UPDATED 09:00 EDT / AUGUST 21 2018

INFRA

After landing $17M round, Robin Systems launches first hyperconverged Kubernetes platform

Container-based cloud infrastructure provider Robin Systems Inc. is marking a new round of funding with a major new product release focused on the Kubernetes orchestration tool.

The company today announced what it says is the industry’s “first hyperconverged Kubernetes platform.” It enables companies to run big-data software such as Apache Hadoop and Apache Spark, an array of databases and also artificial intelligence and machine learning software inside Kubernetes, the company said.

The new product, which will coexist alongside the original Robin Cloud Platform, comes as the company closes on a $17 million round of Series B funding, led USAA Ventures with participation from previous investors Hasso Plattner Ventures, Clear Ventures, DN Capital and USAA.
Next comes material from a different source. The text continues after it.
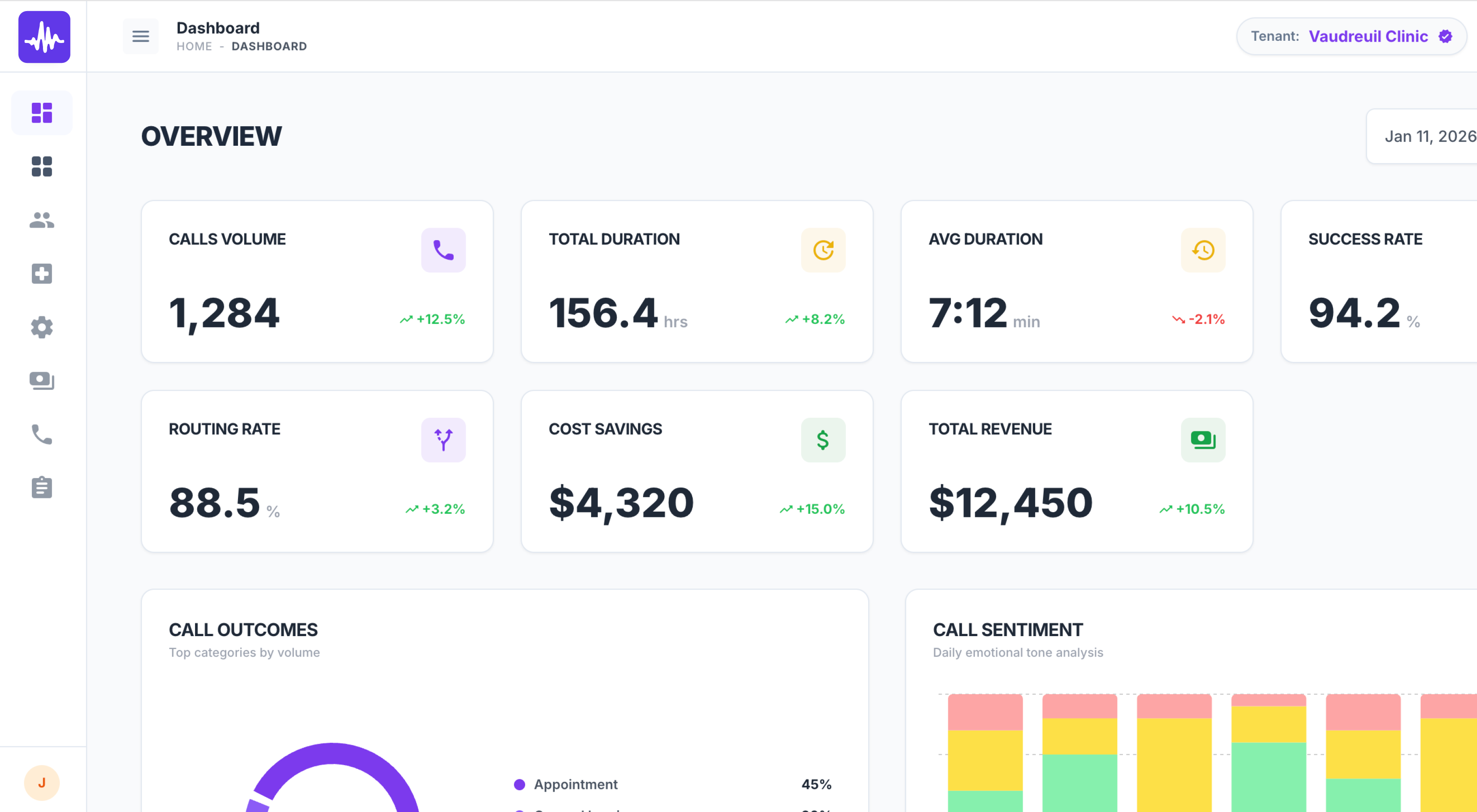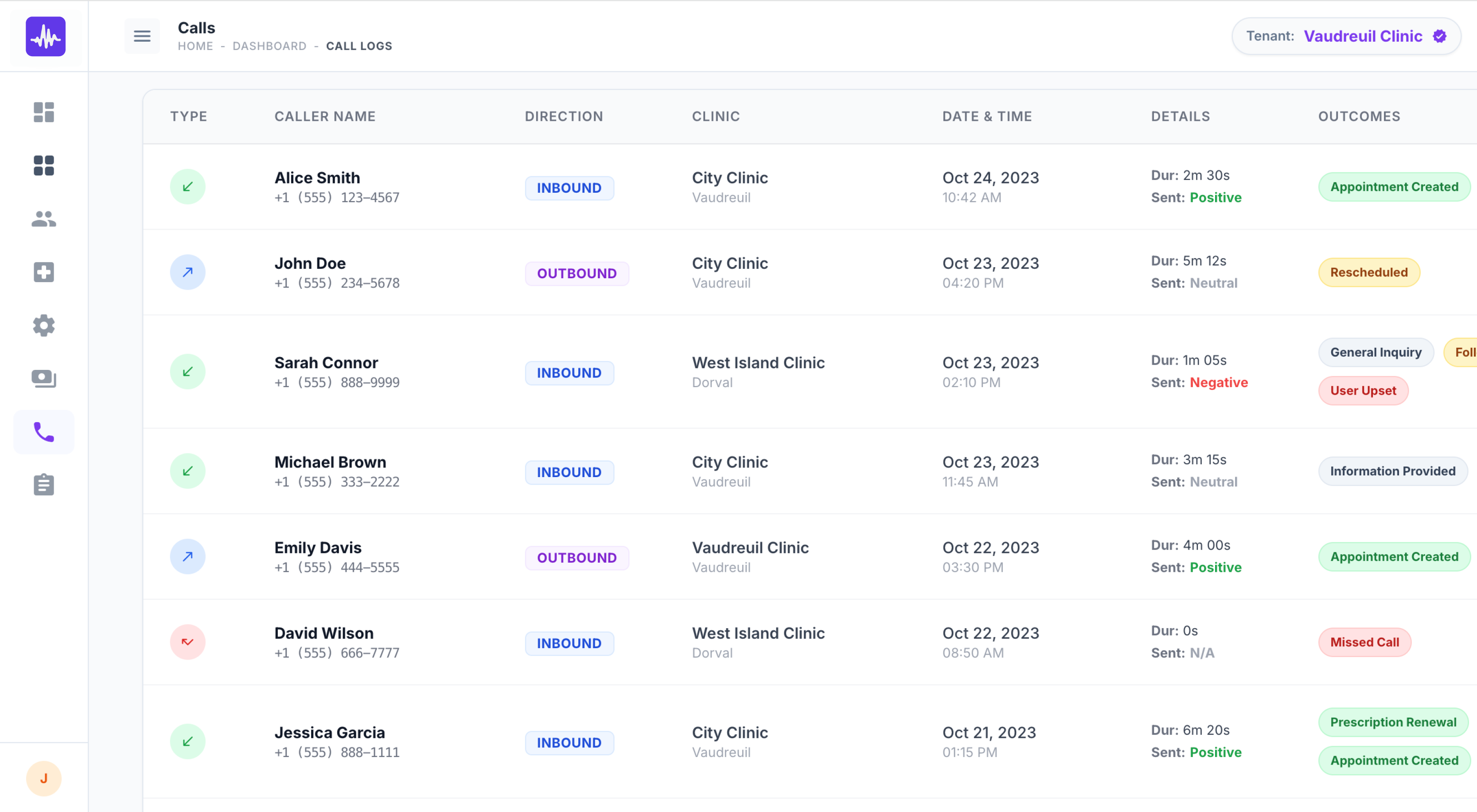 From call volume to average duration and success rates, you can see your clinic’s performance at a glance. Clear summaries of call outcomes and sentiment help you quickly prioritize follow-ups and address any issues.

Kubernetes has emerged as the de facto first choice for orchestrating software containers, which host applications that can run on any platform, and microservices, which are the components of containerized apps. But although Kubernetes is popular, not every enterprise has been able to implement it into their information technology infrastructure because of challenges such as the complexity of persistent storage, network and application lifecycle management.

The new ROBIN platform is meant to address these concerns by automating these functions, making it easier to run big data, databases and AI machine learning on Kubernetes-orchestrated infrastructure, the company explained.

“This new solution brings capabilities to Kubernetes, addressing the fundamental challenges in Kubernetes for big data and databases, improving ease-of-use and efficiency,” said Razi Sharir, Robin Systems’ vice president of products and marketing. “Running Kubernetes within the ROBIN platform allows users to enjoy the benefits of an application management layer that marshals all supporting components in an automated and optimized way, from compute (Kubernetes) through network to container-based block storage, the entire IO Path and app topology.”

The “hyperconverged” aspect of the ROBIN platform relates to its ability to deliver automated compute, storage and networking management capabilities to Kubernetes. Sharir explained that without hyperconvergence, Kubernetes can’t manage or view anything at the application level and cannot be used to manage the supporting storage and network needed for those apps to run.

One of the main benefits of Robin System’s hyperconverged Kubernetes is that it allows the company to provide what it calls a self-service app-store experience. That helps simplify app deployment and lifecycle management via one-click functions, while allowing apps to share resources and data with more predictable performance, the company said.

“The resulting self-service app-store experience enables a simplified, faster and easier way to deploy and manage complex distributed or clustered data-heavy apps, and use one-click operations to run complex lifecycle management operations,” Sharir explained.

Robin Systems said it’s planning to use the bulk of the new funds its secured to market the new platform.

Wikibon analyst James Kobielus said ROBIN was a noteworthy release because it’s one of the first underlying container/Kubernetes platforms available that allows for the easy integration and orchestration of data lake and data preparation tools such as Hadoop, Spark and TensorFlow.

“Considering that more of these platforms are being containerized down to their marrow, both on-premises and in the cloud, and given that DevOps workflows will become more intricate, it makes sense to build pipelines on Kubernetes,” Kobielus said.

The analyst said another positive is that ROBIN is agnostic to the underlying cloud-native infrastructure it runs on, which will support the decoupling of third-party compute and storage hardware.

“The fact that they boast one-click self-service and all to drive automated provisioning of hardware and software resources and the execution of DevOps workflow tasks is an important productivity feature in such an environment,” Kobielus said. “A full data science pipeline/workflow/app-management platform such as this hits a sweet spot in today’s AI/ML market.”